QARION_API_KEY = Variable.get("qarion_api_key")

Register or Update a Data Product

Use register_product to create or update a data product definition in the Qarion catalog. This method uses upsert logic: if a product with the given slug already exists, it updates the fields you provide; otherwise, it creates a new product.

This is the recommended entrypoint for pipelines that own their product definitions — call it at the start of each DAG run to keep the catalog in sync with your pipeline code.

Basic Registration

@task()
def register_product(space_slug: str) -> str:
"""Register (or update) a data product in the Qarion catalog."""
from qarion import QarionSyncClient
from airflow.models import Variable

client = QarionSyncClient(api_key=Variable.get("qarion_api_key"))

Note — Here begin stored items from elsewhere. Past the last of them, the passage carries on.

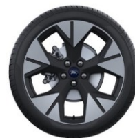
19" disky z ľahkej zliatiny Voliteľná výbava D2VCA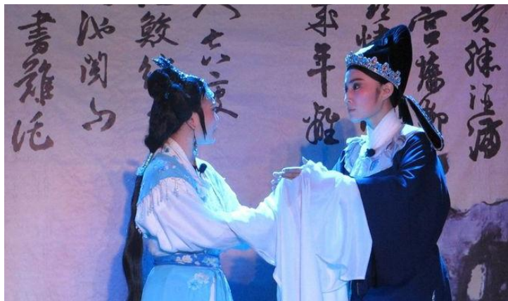
民族歌舞表演

忽高忽低的越剧唱腔，在柔柔的空气中左右飘荡，忆着陆游和唐婉的爱情故事，聆听沈园之音。不由一叹，相思的爱情都是相似的。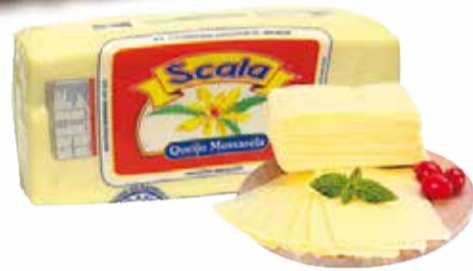
Mussarela Scala Fat. cada 100g 2,25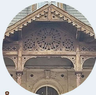
8 Aleja Wojska Polskiego strefa okapova dachu verandy okapová část střechy verandy

Tesárske prvky majú často historický, kultúrny alebo symbolický význam, čím prispievajú k zdôrazneniu štýlu, charakteru a jedinečnosti budovy. Môže íť mimo iné o rezbárske spracované konštrukčné prvky zdi a strech, verandy, římsy, balustrády, zábradlí, vlysy, obložení zdi, sambrány, sloupky či detaily okapových častí střech.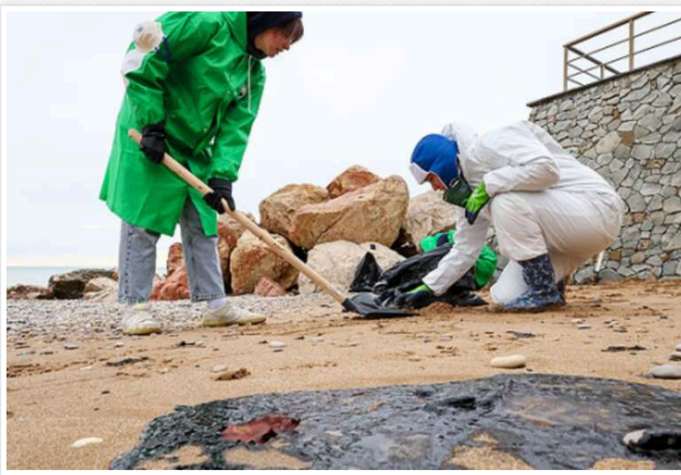
В окупованому Севастополі зібрали понад 590 тонн ґрунту, забрудненого мазутом

З початку ліквідації наслідків катастрофи російських танкерів у тимчасово окупованому Севастополі зібрано 592,534 тонни ґрунту, забрудненого мазутом.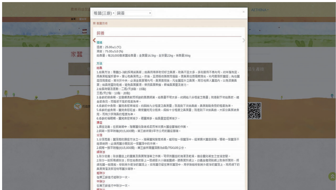
圖三、養蠶技術中三齡稚蠶飼養方式介紹。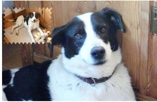
Jumpino im canile di Rieti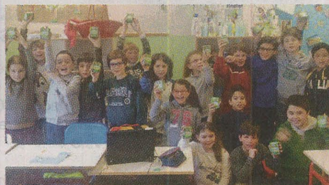
Classe 4ª B "Fornaciari"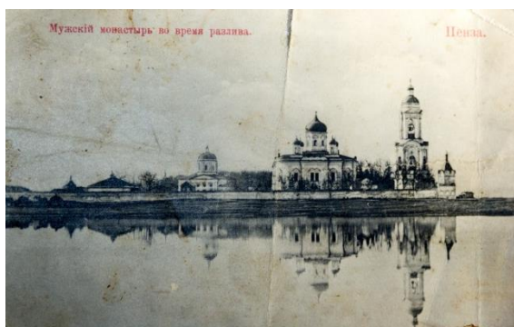
Фото № 5. Спасо-Преображенский мужской монастырь "Новый Спаситель"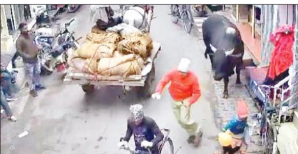
बड़ा बाजार में सांड के हमले से बचकर भागता व्यक्ति।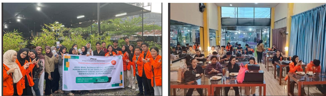
Gambar 2. Kegiatan Pengabdian Masyarakat

Dengan demikian, kegiatan ini dapat dipandang sebagai langkah awal menuju model edukasi kewirausahaan berbasis literasi hukum yang lebih komprehensif. Ke depan, perlu dilakukan replikasi dan pengembangan program serupa di berbagai sekolah dan perguruan tinggi, dengan melibatkan pemerintah daerah, praktisi bisnis, dan lembaga sertifikasi agar peserta memperoleh pengalaman belajar yang lebih luas dan mendalam. Melalui upaya ini, diharapkan generasi muda tidak hanya siap menghadapi tantangan bisnis modern, tetapi juga mampu berkontribusi terhadap pembangunan ekonomi daerah secara legal, beretika, dan berkelanjutan.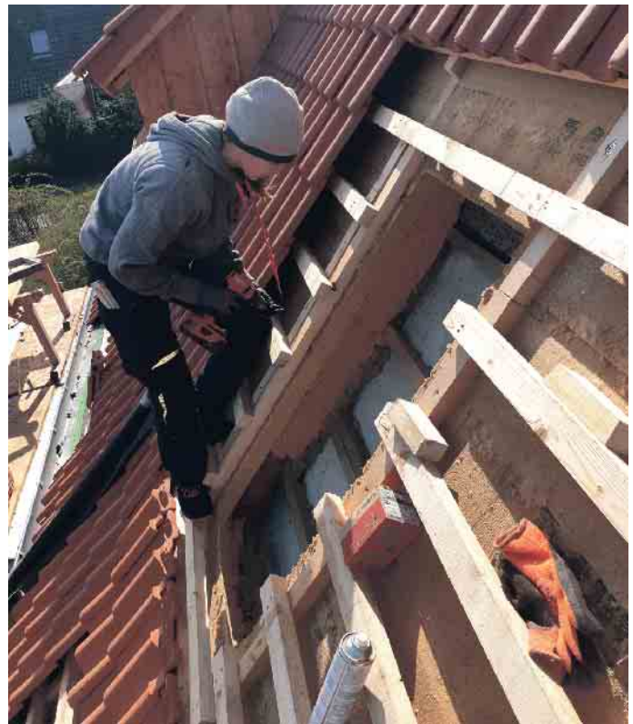
Höhentauglich, handwerkliches Geschick, mathematisches Grundverständnis und gerne teamfähig: das sind die wichtigsten Dachdeckereigenschaften - geschlechtsunabhängig.

eine Ausbildung im Handwerk startet, hat viele Möglichkeiten, morgen Karriere zu machen. Nach einer dreijährigen Ausbildung - die auch verkürzt werden kann - gibt es Weiterbildungen zum Vorarbeiter, Baustellenleiter, Energieberater bis hin zum Dachdeckermeister, um beispielsweise einen eigenen Betrieb zu führen. Aktuell sind besonders die Fortbildungen zum PV- oder Gründach-Manager im Dachdeckerhandwerk gefragt.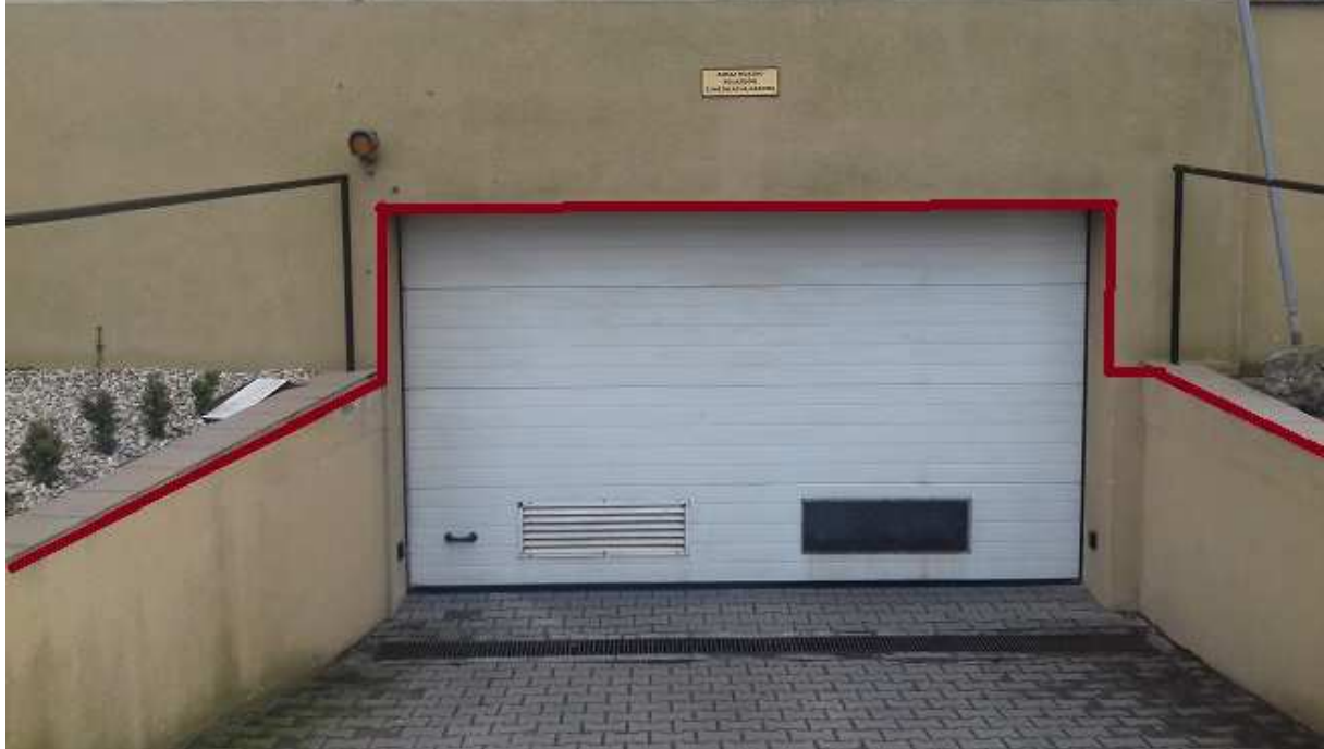
zdjęcie nr 4

product = client.products.register_product(
space_slug,
name="Orders Table",
slug="orders-table",
description_markdown="Aggregated order data refreshed daily by Airflow.",
product_type="Table",
tags=["airflow-managed", "finance"],
)

client.close()
return str(product.id)

How it works: On the first run, register_product creates the product. On subsequent runs, it updates the description, type, and tags to match the values in your DAG code — keeping the catalog definition aligned with your pipeline without manual intervention.

Tip: Always provide an explicit slug to ensure stability across runs. If omitted, the slug is derived from the name, which can break if the name changes.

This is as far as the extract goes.